This section is referenced in § 42-2802.

Editor's Notes

Section 1101 of D.C. Law 14-114 provided: “The Mayor, pursuant to Title I of the District of Columbia Administrative Procedure Act, approved October 21, 1968 (82 Stat. 1204; D.C. Official Code § 2-501 et seq.), shall promulgate rules to implement this act.”


§ 42–2106. Program guidelines.

(a) Proposals for large multi-family dwellings shall be considered only in accordance with the following rules of priority:

(1) A proposal from a qualified tenant association shall be considered first.

(2) If there is no proposal from a qualified tenant association or if the proposal does not meet criteria set forth in the RFP and rules promulgated pursuant to this chapter, proposals from condominium and cooperative housing associations shall be considered next.

(3) If there are no proposals from condominium and cooperative housing associations or if the proposals do not meet criteria set forth in the RFP and rules promulgated pursuant to this chapter, proposals from nonprofit developers, and for-profit developers who agree to make 100% of the units affordable to low- and moderate-income persons with no less than 50% of the units affordable to low-income persons, for the development of condominium and cooperative housing opportunities shall be considered next.

(4) If there are no proposals for the development of condominium or cooperative housing, proposals for the development of rental housing for low-income persons shall be considered next.

(b) Except in the case of rental buildings, the proprietary interests in properties sold through the Program shall be allocated as follows:

(1) No less than 25% of the proprietary interests in large multi-family dwellings shall be transferred to low- or moderate-income households.

(2) No less than 15% of the proprietary interests in large multi-family dwellings shall be transferred to low-income households.

(3) No less than 50% of the dwelling units and proprietary interests in large multi-family, small multi-family, and single-family properties each year shall be transferred to low- or moderate-income families.

(c) Proposals for single-family and small multi-family dwellings may be considered in accordance with standards developed by the Mayor and approved by the Council pursuant to § 42-2104. To the extent financially feasible, priority shall be given to purchasers who are low- or moderate-income persons.

(d) Proposals for commercial property shall be considered on a competitive basis in accordance with the following rules of priority:

(1) A proposal from a tenant or tenant association which demonstrates the ability to obtain financing shall be considered first.

(2) If there is no proposal from a qualified tenant or tenant association, or if the proposal does not meet criteria set forth in the RFP and rules promulgated pursuant to this chapter, proposals from condominium or cooperative associations and nonprofit developers which demonstrate the ability to obtain financing shall be considered next.

(3) If there is no proposal from a condominium or cooperative association or nonprofit developer, or if the proposal does not meet criteria set forth in the RFP and rules promulgated pursuant to this chapter, proposals from proprietary developers shall be considered next.


(Aug. 9, 1986, D.C. Law 6-135, § 7, 33 DCR 3771; Feb. 24, 1987, D.C. Law 6-192, § 5(d), 33 DCR 7836; June 11, 1999, D.C. Law 13-11, § 2(d), 46 DCR 5487; Apr. 19, 2002, D.C. Law 14-114, § 801(f), 49 DCR 1468; Dec. 11, 2007, D.C. Law 17-57, § 2, 54 DCR 10712.)

Prior Codifications

1981 Ed., § 45-2706.

Section References

This section is referenced in § 42-2104.

Effect of Amendments

D.C. Law 13-11 in subsec. (a)(2) struck the phrase “cooperative housing associations” and inserted the phrase “condominium and cooperative housing associations” in its place; in subsec. (a) (3) struck the phrase “cooperative housing” and inserting the phrase “condominium and cooperative housing” wherever it appears; and added new subsection (d).

D.C. Law 14-114, added subsec. (a)(4); rewrote subsec. (b); and in subsec. (c), substituted “Mayor” for “Administrator”. Subsec. (b) had read as follows:

“(b) At least 25% of the proprietary interests in large multi-family dwellings in the Program shall be transferred to low-or moderate-income persons.
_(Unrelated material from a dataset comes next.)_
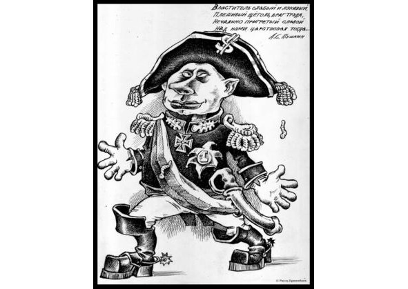Ода ничтожествам (Медведев, Путин и К)Служит ширмой и портьерой,Называется – премьером.Шагом, рысью и в карьерОн готов, как пионер —Позабавиться часами,Поразвлечься поясами,В русле власовских традицийНаградить страну полициейИ без повода галдёж…Ну, убогий, что возьмёшь?
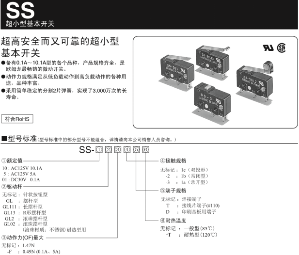所以,對于微動開關品牌的選擇還是不能馬虎的,鼎悅小編為您推薦世界知名品牌歐姆龍微動開關:具有超高安全、超長壽命、超小尺寸的微動開關SS系列。 具體技術參數:

No less than 15% of the proprietary interests in large multi-family dwellings in the Program shall be transferred to low-income persons. At least 50% of the total dwelling units and proprietary interests in the Program shall be transferred to low-or moderate-income persons.”

D.C. Law 17-57, in subsec. (a)(3), substituted “nonprofit developers, and for-profit developers who agree to make 100% of the units affordable to low- and moderate-income persons with no less than 50% of the units affordable to low-income persons,” for “nonprofit developers”.

Emergency Legislation

For temporary amendment of section, see § 2(f) of the Homestead Housing Preservation Emergency Amendment Act of 1998 (D.C. Act 12-556, January 12, 1999, 45 DCR 625).

For temporary (90-day) amendment of section, see § 2(d) of the Homestead Housing Preservation Congressional Review Emergency Amendment Act of 1999 (D.C. Act 13-62, May 10, 1999, 46 DCR 4454).

Temporary Legislation

For temporary (225 day) amendment of section, see § 2(f) of Homestead Housing Preservation Temporary Amendment Act of 1998 (D.C. Law 12-245, April 20, 1999, law notification 46 DCR 4158).


§ 42–2107. Property transfer.

(a) The Mayor shall sell each residential building in the Program for $250 per dwelling unit and each commercial building for up to $5,000 per unit. Commercial, single-family and small multi-family dwellings shall be sold at prices determined by the Mayor after considering the income level of the purchaser, the condition of the property, and such other factors as the Mayor deems appropriate pursuant to rules. In transferring single-family dwellings with one dwelling unit, priority shall be given first to the sale to a low-income person and priority shall be given next to the sale for the development of rental units for low-income persons. Any rules or factors developed by the Mayor for consideration in connection with the transfer of single-family and small multi-family dwellings shall be transmitted to the Council for review and approval pursuant to § 42-2104.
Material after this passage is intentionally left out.